Work required: Under this line are records; the part from the line containing "創建一個WCF服務并不復雜,當客戶端查找" through the line containing "A fi in germana." should be repeated exactly. Please exclude pictures.
------------------------
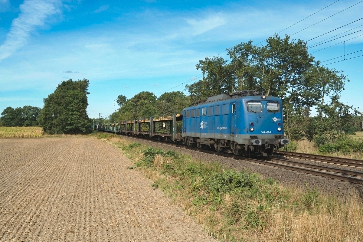 Dto. 140 037-3 am 06.08.2024 bei Vechelde (HVEC) Sierße mit dem CT-Zug
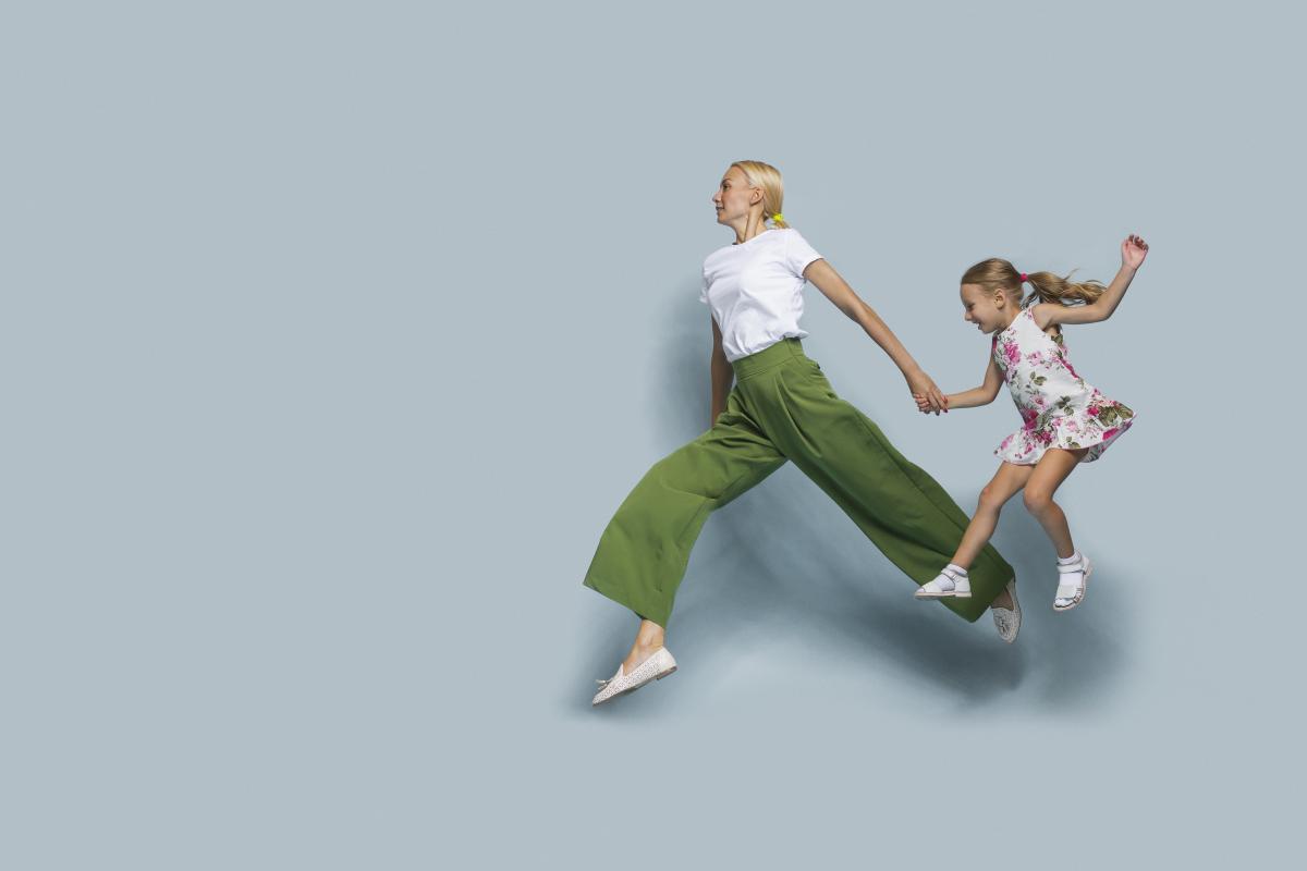 mother and daughter holding hands leaping
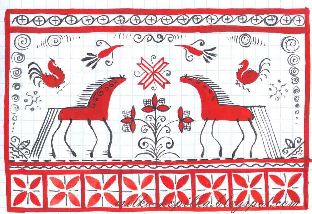 ![Конь в народной вышивке]()
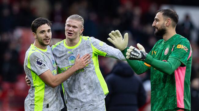 Nico González celebra la victoria del Manchester City ante el Nottingham Forest con Erling Haaland y Gianluigi Donnarumma. Foto: Andrew Kearns - CameraSport via Getty Images
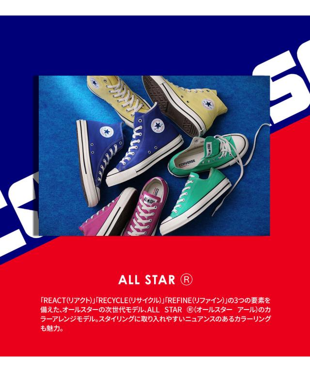 コンバース オールスター R ハイカット スニーカー カジュアル キャンバスシューズ リサイクル 定番 王道 紐 メンズ レディース ユニセックス 男女兼用 ジュニア フラミンゴピンク グリーン ライトブルー マリーゴールド ゴールド ネイビー converse ALL STAR R HI
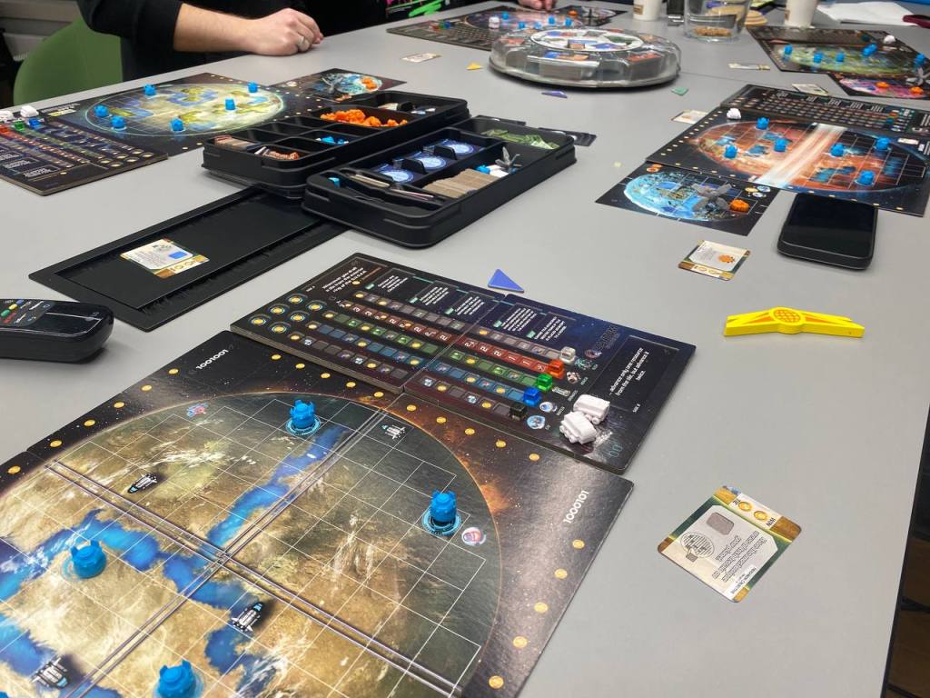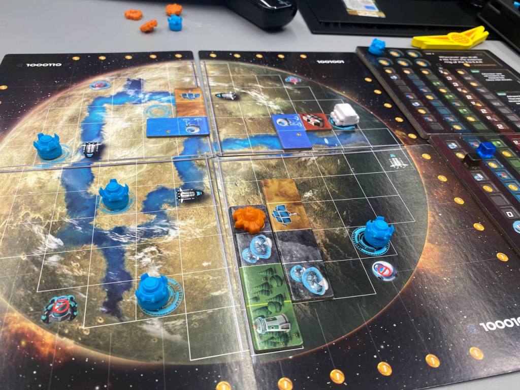 Я свою коробку продал, но товарищ вписывался в кик и вот ему приехала база с допом. Геймплей все тот же, мне особенно было интересно посмотреть на доп. Когда я прочитал описание дополнения в первый раз, я не задумываясь продал свою копию игры, потому что базу не сильно хотелось прям заигрывать еще, таскать на игротеки не удобно — большая коробка, а дополнение не вдохновило. Так на деле в какой-то мере и оказалось. Дополнение добавляет парочку модулей, из которых самый интересный — наверное, это модульная планета и корпорация. Но по факту — это всего одна новая планета и одна новая корпорция, которые не смотря на модульность не будут давать иного геймплея от партии к партии.
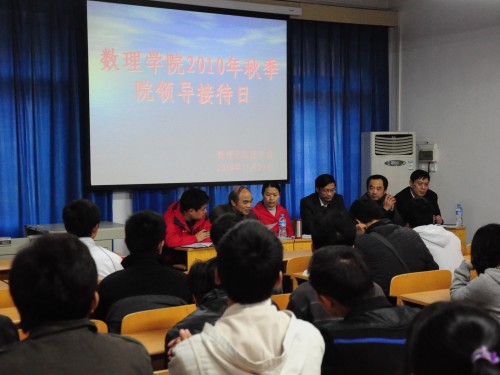 11月29日下午四点,beat365平台官方网站2010年秋季院领导接待日活动在数理楼二楼会议室举行。院领导班子全体成员和2010级本科生与会参加。在活动过程中,院领导班子成员就同学们关心的诸如专业学习、考研就业和日常生活等问题进行耐心回答。院领导接待日是学院领导与广大同学沟通交流的重要渠道,在解答同学们学习和生活中众多疑惑的同时,有利于增进师生之间的相互了解,促进学院服务管理水平的改善提高。
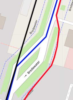 Il itinerario originale verrà sempre mostrato in nero. In questo esempio, la linea nera è il modo in cui la mappa HERE mostra il itinerario. Il confronto è stato poi effettuato sia con la mappa OSM che con la mappa TomTom. La mappa TomTom è la linea rossa e la mappa OSM è la linea blu.
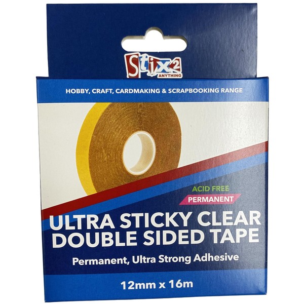 - Stix2 Double Sided Polyester Ultra Adhesive Transparent Tape, 12mm x 16m
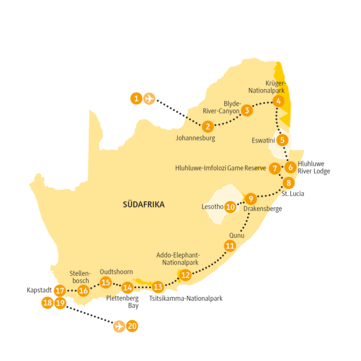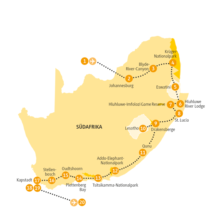 Panorama ist weit untertrieben, genau genommen ist es ein hoch emotionaler Blick auf das halbe Südafrika. Beginnt mit dem Blyde-River-Canyon und God’s Window. Dann das Programm deines Lebens: Big Five im Krüger. Das Königreich Eswatini. 1.600 Breitmaulnashörner. Drakensberge. Kingdom of the Sky Lesotho. Gänsehaut-Nationalpark Tsitsikamma. Plettenberg Bay. Das Straußen-Eldorado Oudtshoorn. Die Wine Yards von Stellenbosch und ein finale grosso mit Herzklopf-Garantie in Kapstadt.
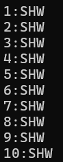 std::cout << i + 1 << ":SHW\n";
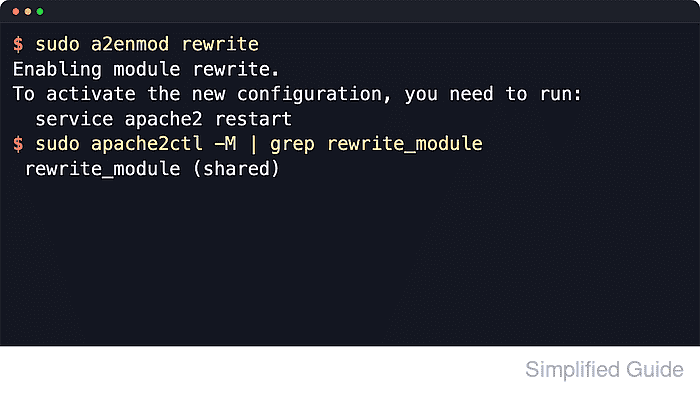 $ sudo apache2ctl -M | grep rewrite_module rewrite_module (shared)
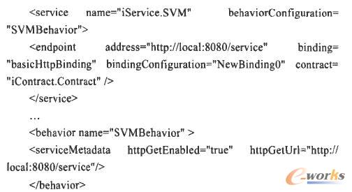 創建一個WCF服務并不復雜,當客戶端查找SVM服務時,可以請求此服務的配置文件(包含端點、服務合同),并將配置文件加載到本地應用程序中然后對服務進行消費。需要注意的是,客戶端調用時必須采用如下配置才能正確調用:
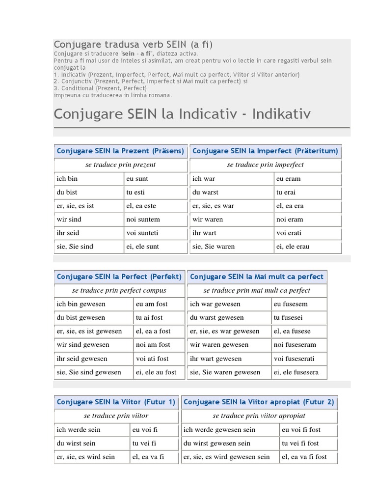 A fi in germana. Verbul sein a fi este folosit in germana aproape la fel ca si in limba romana. Frieren a fi frig 31. Am ati ar fi. Gewinnen a câştiga 37.
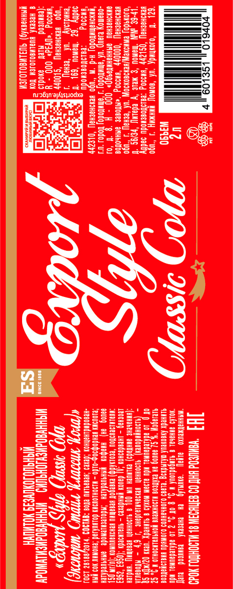 Известный и любимый всеми напиток с бодрящим и узнаваемым вкусом дарит ощущение праздника одним своим видом. Напиток Export Style Cola производятся на основе артезианской воды из высококачественных вкусо-ароматических компонентов. Он прекрасно освежает и утоляет жажду, также на его основе можно готовить знаменитые коктейли.
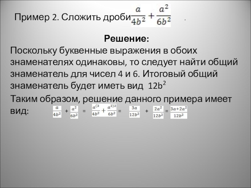 Поскольку буквенные выражения в обоих знаменателях одинаковы, то следует найти общий знаменатель для чисел 4 и 6. Итоговый общий знаменатель будет иметь вид 12b2
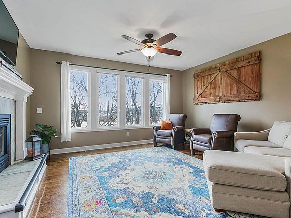 Amazing house with HUGE backyard in award winning DeSoto School District. True 2 story in Timber Trails Subdivision. This home features 5 bedrooms 4.5 baths with a fully finished basement. Large Master Suite with large walk-in Closet. Large fenced in flat backyard that faces green space. Main level features hardwood floors throughout, an eat in kitchen which features stainless steel appliances, granite countertops, island and walk in pantry. Laundry room around the corner featuring built in storage and access to the 3 car garage. Beautiful fireplace that is see through from the hearth room and living room. Walkout basement is finished with 5th bedroom, a full bath and wet bar. Walk out to your concrete patio to view your beautiful large yard. Lots of updates in this one, new composite decking and metal railing in May of 2021, new windows in 2022 with a transferable warranty, new hardwoods in living room and formal dining room, newer HVAC and roof, new outdoor shed in 2020.
------------------------
Answer section:
 創建一個WCF服務并不復雜,當客戶端查找SVM服務時,可以請求此服務的配置文件(包含端點、服務合同),并將配置文件加載到本地應用程序中然后對服務進行消費。需要注意的是,客戶端調用時必須采用如下配置才能正確調用:
 A fi in germana. Verbul sein a fi este folosit in germana aproape la fel ca si in limba romana. Frieren a fi frig 31. Am ati ar fi. Gewinnen a câştiga 37.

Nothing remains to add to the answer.